L'État pourra exiger le retrait de contenus liés au protoxyde d'azote, aux explosifs ou aux articles pyrotechniques sous peine d'amende et de prison pour les hébergeurs.
l'amendement n° 307 de M. Taverne de rétablissement de l'article 7 bis (supprimé) du projet de loi visant à offrir des réponses immédiates aux phénomènes troublant l'ordre public, la sécurité et la tranquillité de nos concitoyens (première lecture).
Dossier législatif
Offrir des réponses immédiates aux phénomènes troublant l’ordre public, la sécurité et la tranqui...
Ce vote concerne un projet de loi qui vise à apporter des solutions rapides aux problèmes de sécurité et de tranquillité publique. Il aborde des situations comme les manifestations, les occupations de lieux publics ou les comportements perturbant l'ordre. L'amendement rejeté portait spécifiquement sur la régulation des contenus en ligne liés à la vente de substances dangereuses ou à des produits pouvant troubler l'ordre public.

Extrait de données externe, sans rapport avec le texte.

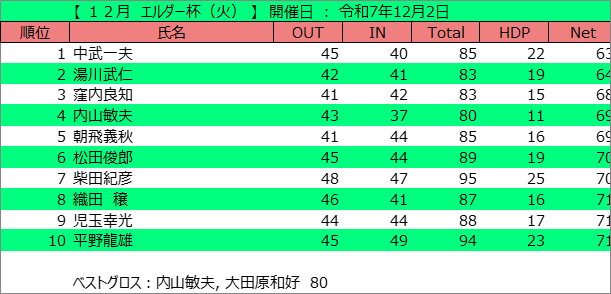 11月 シニア月例杯(火)(令和7年11月25日)
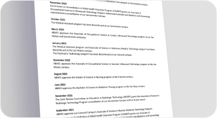 STATEMENTOFHISTORY&OWNERSHIP February2024 ABHESapprovestheBoneDensitometryTechnicianprogramattheSacramentocampus. December2023 ABHESapprovestheAssociateofOccupationalScienceinRespiratoryCareprogramattheModestocampus. November2023 CommissiononAccreditationofAlliedHealthEducationProgram(CAAHEP)grantsourAssociateof Occupational Science in Ultrasound Technology Program Abdominal-Extended and Obstetrics and Gynecology concentrations accreditation at our Sacramento Campus. October2023 TheMedicalAssistantprogramhasbeendiscontinuedatourSacramentocampus. March2023 ABHES approves the Associate of Occupational Science in Cardiac Ultrasound Technology program at our San MateoandSacramentocampuses. January2023 The Medical Assistant program and Associate of Science in Veterinary Medical Technology program have been discontinued at the San Mateo campus. ThePsychiatric Technology program has been discontinued at our Concord campus. November2022 ABHES approves the Associate of Occupational Science in Vascular Ultrasound Technology program at the San Mateocampus. August2022 ABHESapprovestheMasterofScienceinNursingprogramattheConcordcampus. June2022 ABHESapprovestheBachelorofScienceinRadiationTherapyprogramattheVanNuyscampus. November2021 The Joint Review Committee on Education in Radiologic Technology (JRCERT) grants the Associate of Science in Radiologic Technology Program accreditation at our Sacramento Campus with an 8-year award. September2021 ABHESapprovesourConcordCampus’sAssociateofScienceinNuclearMedicineTechnologyProgram. CommissiononAccreditationofAlliedHealthEducationProgram(CAAHEP)grantsourAssociateof Occupational Science in Ultrasound Technology Program Abdominal-Extended and Obstetrics and Gynecology concentrations accreditation at our San Mateo Campus. TheMedicalAssistantwithPhlebotomyprogramhasbeendiscontinuedatourConcordandFresnocampuses. June2021 ABHESapprovestheVocationalNurseProgramatourSacramentoCampus. 11
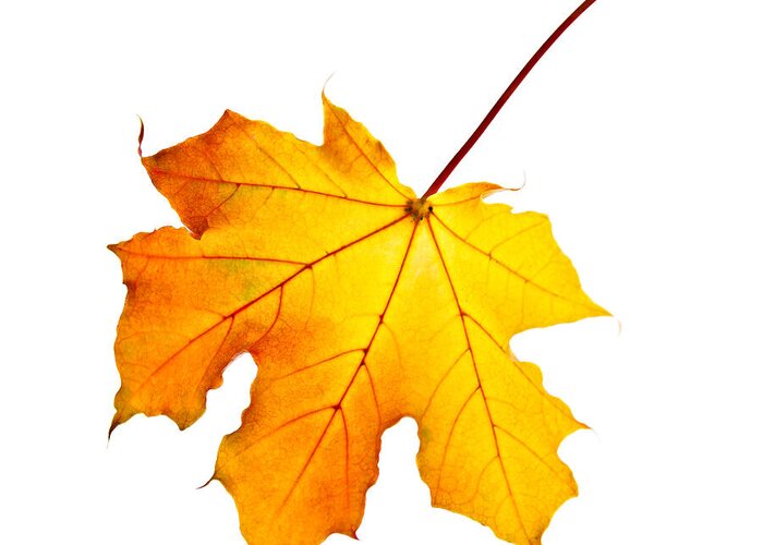 Нежная срисовка осеннего кленового листа в желто-оранжевых тонах на зеленом расплывчатом фоне.
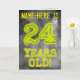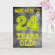 Framsidan på denna kusliga, anpassningsbara födelsedagsdesign har budskapet "24 ÅR GAMMAL!" med tecken och siffror som har ett mystiskt, glödande aura-inspirerat utseende, på ett spöklikt grått, molnigt, dim-inspirerat bakgrundsmönster. Framsidan har också ett personligt mottagarnamn. Insidan har ett födelsedagsgratulationsmeddelande som kan anpassas. Ett anpassat födelsedagsgratulationskort som detta kan vara ett speciellt sätt att skicka en födelsedagsgratulation till någon som firar sin 24-årsdag. [~Z0000365]
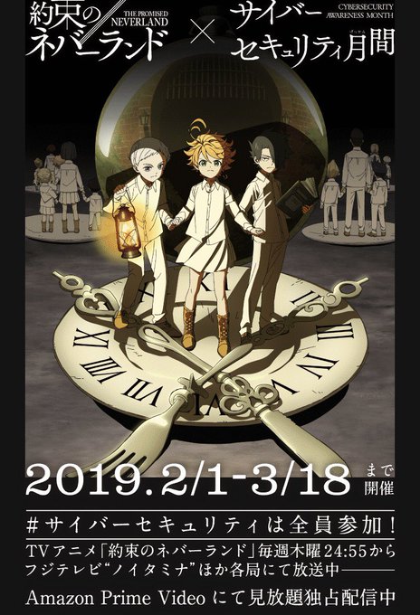 会社に着いたら約束のネバーランドのポスター貼ってあってビックリしたけど、サイバーセキュリティ月間のコラボだったw
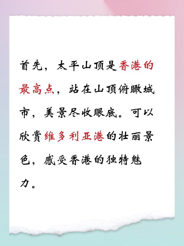 总之,香港太平山顶是一个值得一游的地方。在这里,你可以领略到香港的独特魅力,品尝到各种美食,还可以感受到云端之上的奇妙体验。快带上你的小伙伴们一起来太平山顶吧!
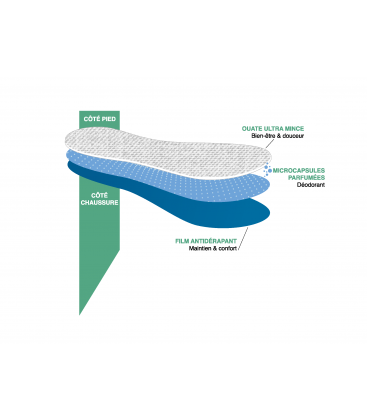 The ideal insole for healthy feet. You will love the feeling of your foot on the soft cotton. It also contains microcapsules that release a fresh, pleasant aroma and antibacterial agents as you walk. The insoles are performance guaranteed for a week. The little extra? These insoles are so thin that they will fit into all of your children’s shoes, even the narrowest! Sold in packs of 4 pairs for a month of healthy feet! To cut for sizes 23 to 35.
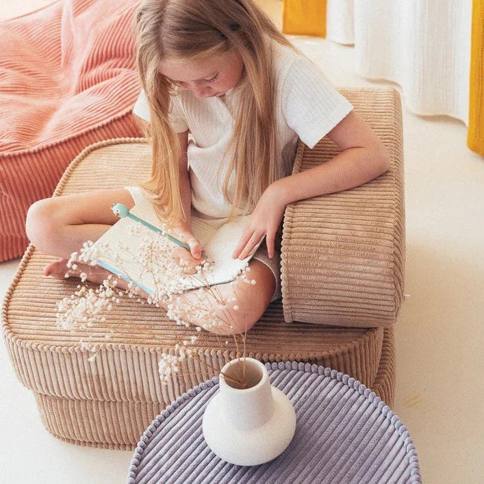 Wigiwama-babypuffen är inte bara en stilren accessoar, utan också en funktionell möbel som kan användas till flera olika ändamål, till exempel som fotpall eller extra sittplats.
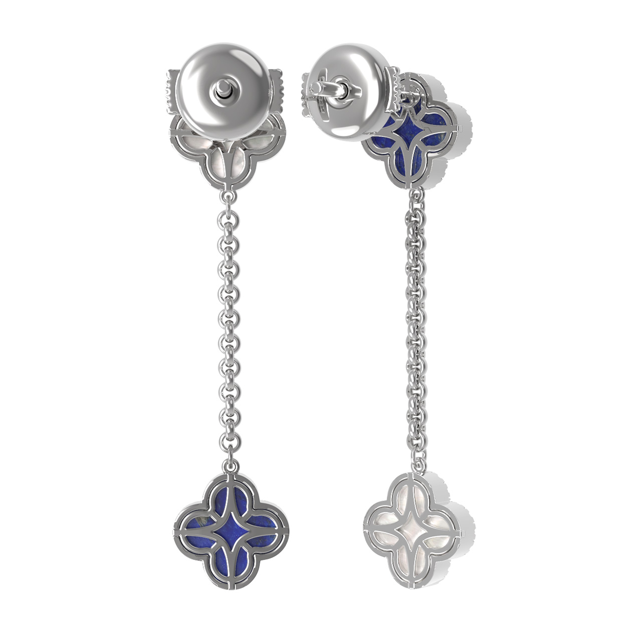 Серьги из белого золота c бриллиантами, лазуритом и перламутром
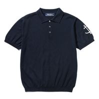 코튼 반팔 카라 니트 - 네이비
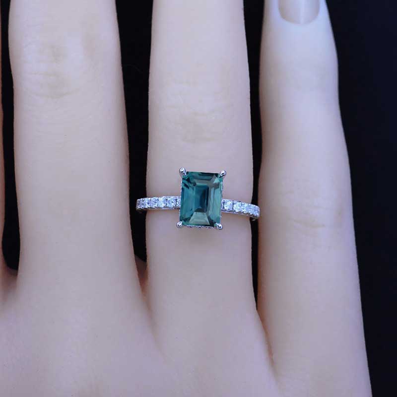 The design features approximately 1 Carat Ethically Lab-Grown Teal Sapphire- Radiant  7x5mm, VG-Cut,Ex-Polish, VG-Symmetry Center Stone, 0.5 CTW D- Colorless Moissanite  Accents Stones

L'amendement proposait de donner à l'administration le pouvoir de demander le retrait sous 24 heures des contenus en ligne qui font la promotion ou facilitent :
- La vente de protoxyde d'azote (un gaz utilisé à des fins récréatives et considéré comme dangereux pour la santé)
- La commercialisation illégale de produits explosifs ou pyrotechniques (comme les feux d'artifice ou les précurseurs d'explosifs).
En cas de non-respect de cette demande, les plateformes hébergeant ces contenus auraient pu être sanctionnées d'une amende de 250 000 euros et d'une peine d'un an d'emprisonnement pour leurs responsables.
Cette mesure n'a pas été retenue. Le texte initial du projet de loi, sans cette disposition, est maintenu.
- Pour :
Les partisans de l'amendement estimaient que la prolifération de ces contenus en ligne aggrave les risques pour la santé publique (notamment pour les jeunes) et favorise les troubles à l'ordre public. Ils soulignaient la nécessité d'agir rapidement pour limiter l'accès à ces substances et produits dangereux.
- Contre :
Les opposants à l'amendement craignaient que cette mesure ne donne trop de pouvoir à l'administration pour censurer des contenus en ligne sans contrôle judiciaire suffisant. Ils pointaient également le risque de sanctions disproportionnées pour les plateformes en cas de retrait trop lent.
Vous êtes directement concerné si vous utilisez des plateformes en ligne pour vendre, acheter ou promouvoir des produits comme le protoxyde d'azote, des explosifs ou des articles pyrotechniques. Les hébergeurs de contenus (comme les réseaux sociaux ou les sites de vente) auraient également été impactés par les obligations de retrait et les sanctions prévues.